### SOURCE INFORMATION
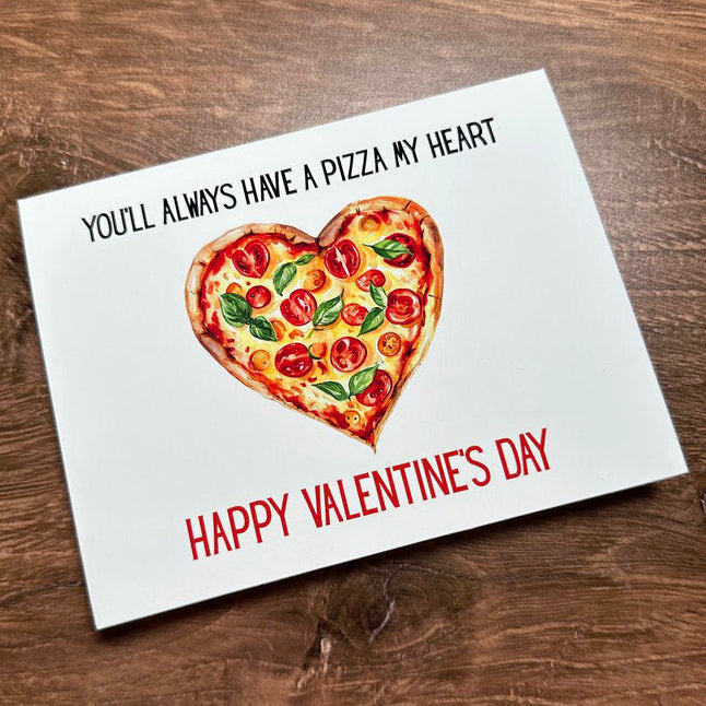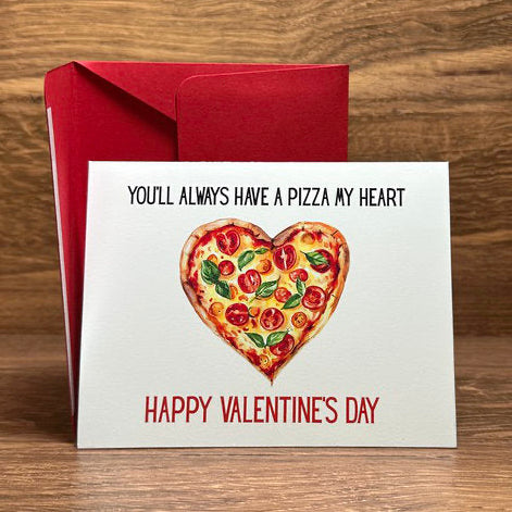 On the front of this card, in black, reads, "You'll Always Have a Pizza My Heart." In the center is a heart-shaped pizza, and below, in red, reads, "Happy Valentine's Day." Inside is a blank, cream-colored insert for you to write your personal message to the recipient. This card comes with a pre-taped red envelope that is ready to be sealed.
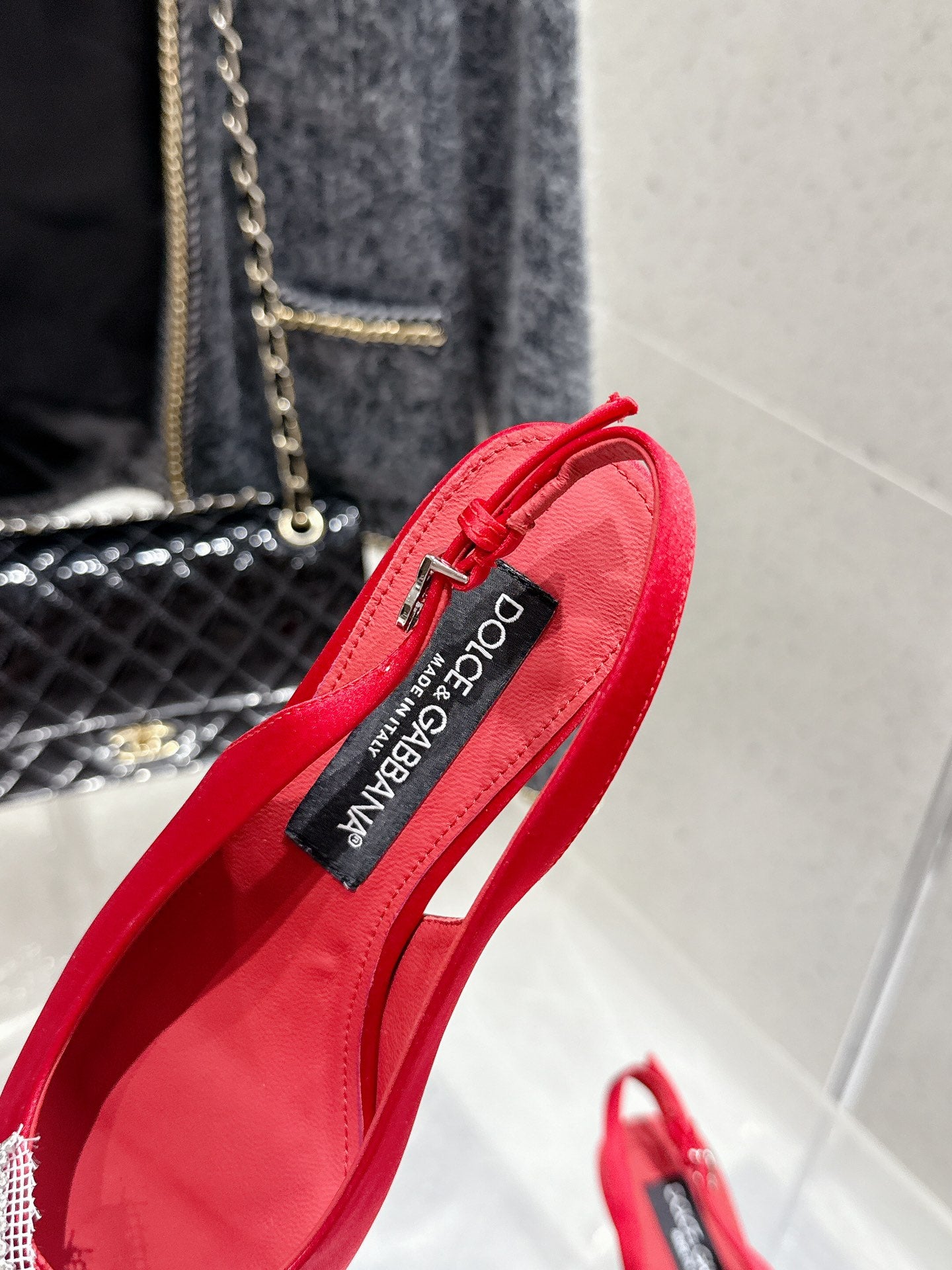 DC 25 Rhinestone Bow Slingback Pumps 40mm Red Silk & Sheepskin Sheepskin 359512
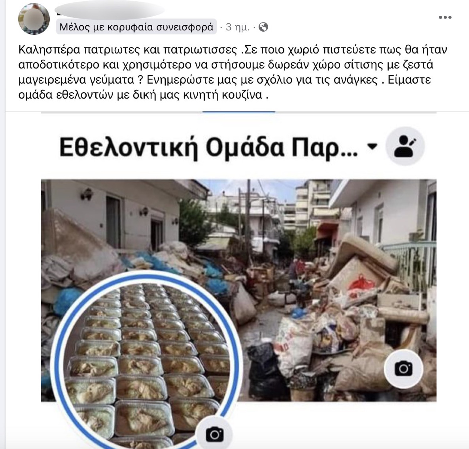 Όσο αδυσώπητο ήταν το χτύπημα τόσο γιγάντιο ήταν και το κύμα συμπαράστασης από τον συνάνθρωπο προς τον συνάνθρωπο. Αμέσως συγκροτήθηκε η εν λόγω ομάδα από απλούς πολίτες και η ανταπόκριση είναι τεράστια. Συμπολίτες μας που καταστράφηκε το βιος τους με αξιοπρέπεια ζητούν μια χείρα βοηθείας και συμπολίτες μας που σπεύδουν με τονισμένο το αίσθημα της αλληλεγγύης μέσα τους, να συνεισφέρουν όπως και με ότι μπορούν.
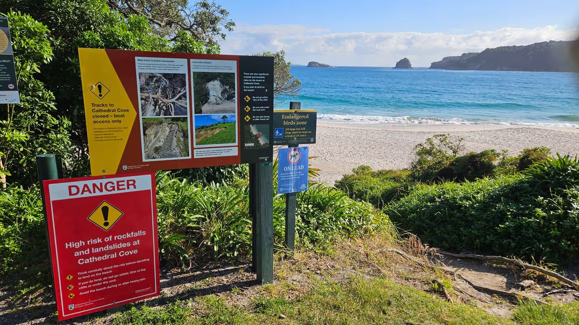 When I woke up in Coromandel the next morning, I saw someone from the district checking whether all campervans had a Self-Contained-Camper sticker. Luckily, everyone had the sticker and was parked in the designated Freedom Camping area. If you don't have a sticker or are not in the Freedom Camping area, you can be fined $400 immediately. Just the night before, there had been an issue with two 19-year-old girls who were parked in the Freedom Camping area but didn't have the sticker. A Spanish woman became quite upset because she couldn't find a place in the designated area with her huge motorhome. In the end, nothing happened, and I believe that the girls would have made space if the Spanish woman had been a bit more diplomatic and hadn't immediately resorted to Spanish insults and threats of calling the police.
######
### SOURCE INFORMATION
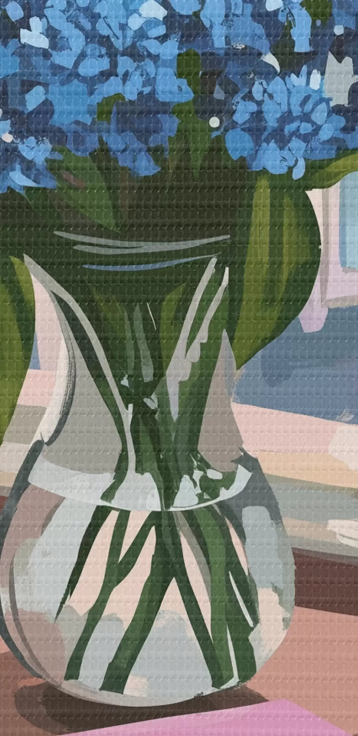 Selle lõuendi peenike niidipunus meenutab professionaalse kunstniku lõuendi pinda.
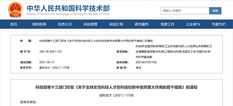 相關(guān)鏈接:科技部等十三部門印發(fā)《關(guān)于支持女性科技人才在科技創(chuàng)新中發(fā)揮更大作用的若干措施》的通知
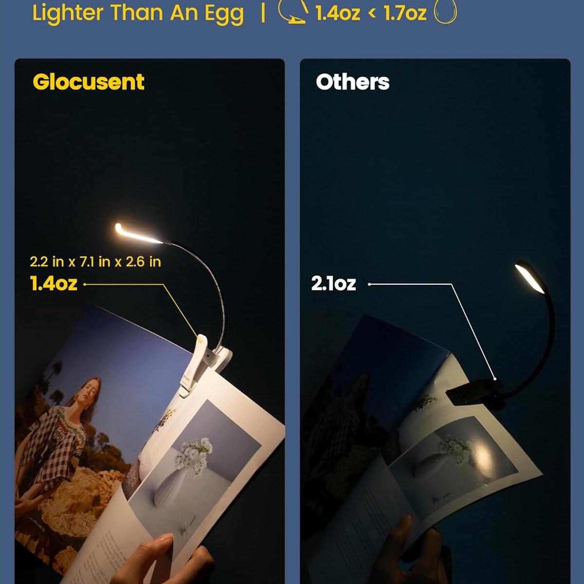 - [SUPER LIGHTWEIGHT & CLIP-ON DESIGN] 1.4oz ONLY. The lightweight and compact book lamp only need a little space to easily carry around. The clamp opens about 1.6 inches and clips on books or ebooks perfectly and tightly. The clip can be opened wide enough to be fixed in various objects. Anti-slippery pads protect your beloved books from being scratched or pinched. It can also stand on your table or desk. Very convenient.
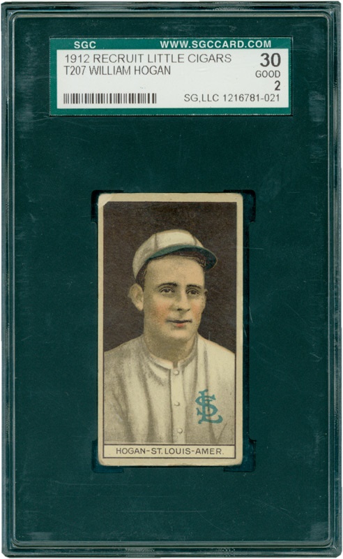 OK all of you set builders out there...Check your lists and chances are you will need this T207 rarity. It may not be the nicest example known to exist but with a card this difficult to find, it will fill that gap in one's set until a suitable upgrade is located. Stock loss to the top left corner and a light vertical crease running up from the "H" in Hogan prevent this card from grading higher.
######
### SOURCE INFORMATION
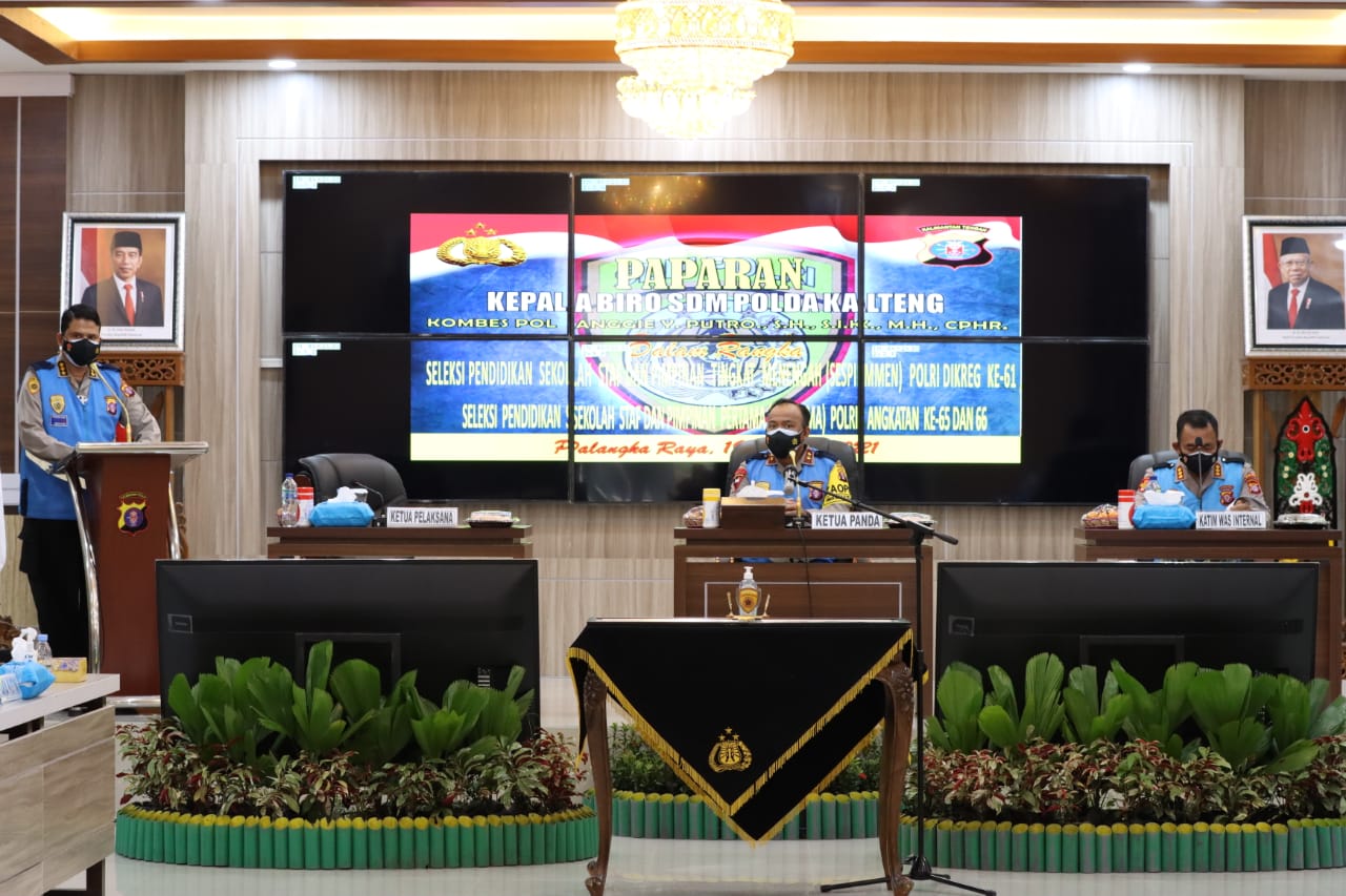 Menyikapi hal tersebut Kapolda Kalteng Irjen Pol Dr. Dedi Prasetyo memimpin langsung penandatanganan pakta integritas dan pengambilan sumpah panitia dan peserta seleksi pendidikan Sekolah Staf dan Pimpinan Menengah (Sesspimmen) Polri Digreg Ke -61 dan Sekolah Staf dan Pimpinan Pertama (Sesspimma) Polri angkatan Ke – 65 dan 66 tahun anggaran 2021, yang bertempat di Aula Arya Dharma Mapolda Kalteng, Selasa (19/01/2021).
######
Give again the stretch of the entries above that begins at the line with "On the front" and ends at the line with "DC 25 Rhinestone", word for word, with no pictures.

- **SOLUTION**
 On the front of this card, in black, reads, "You'll Always Have a Pizza My Heart." In the center is a heart-shaped pizza, and below, in red, reads, "Happy Valentine's Day." Inside is a blank, cream-colored insert for you to write your personal message to the recipient. This card comes with a pre-taped red envelope that is ready to be sealed.
 DC 25 Rhinestone Bow Slingback Pumps 40mm Red Silk & Sheepskin Sheepskin 359512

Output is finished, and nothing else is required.